Wruck, W., Kashofer, K., Rehman, S., Daskalaki, A., Berg, D., Gralka, E., et al. (2015). Multi-omic profiles of human non-alcoholic fatty liver disease tissue highlight heterogenic phenotypes. Scientific Data, 2: 150068.


Zitierlink: http://hdl.handle.net/11858/00-001M-0000-002D-434C-7
Zusammenfassung
Non-alcoholic fatty liver disease (NAFLD) is a consequence of sedentary life style and high fat diets with an estimated prevalence of about 30% in western countries. It is associated with insulin resistance, obesity, glucose intolerance and drug toxicity.
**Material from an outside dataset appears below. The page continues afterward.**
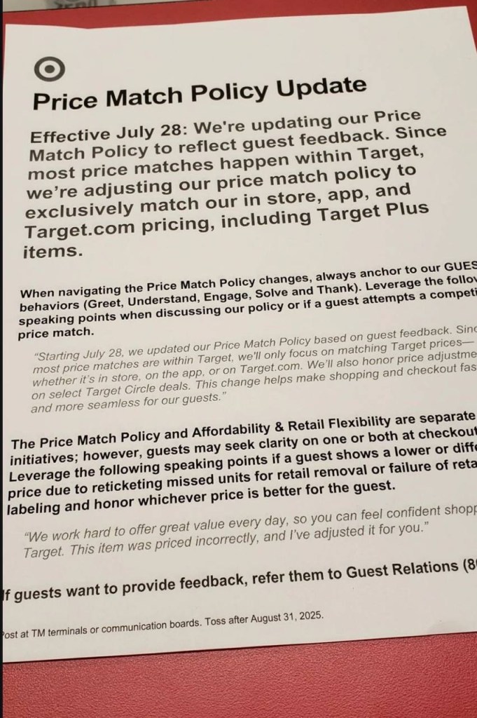 Starting July 28, 2025, Target will be updating its price match policy, significantly narrowing the list of eligible competitors. Under the new guidelines, Target will only match prices from Target.com.

Additionally, polymorphisms within, e.g., APOC3, PNPLA3, NCAN, TM6SF2 and PPP1R3B, correlate with NAFLD. Several studies have already investigated later stages of the disease. This study explores the early steatosis stage of NAFLD with the aim of identifying molecular mechanisms underlying the etiology of NAFLD. We analyzed liver biopsies and serum samples from patients with high- and low-grade steatosis (also pre-disease states) employing transcriptomics, ELISA-based serum protein analyses and metabolomics. Here, we provide a detailed description of the various related datasets produced in the course of this study. These datasets may help other researchers find new clues for the etiology of NAFLD and the mechanisms underlying its progression to more severe disease states.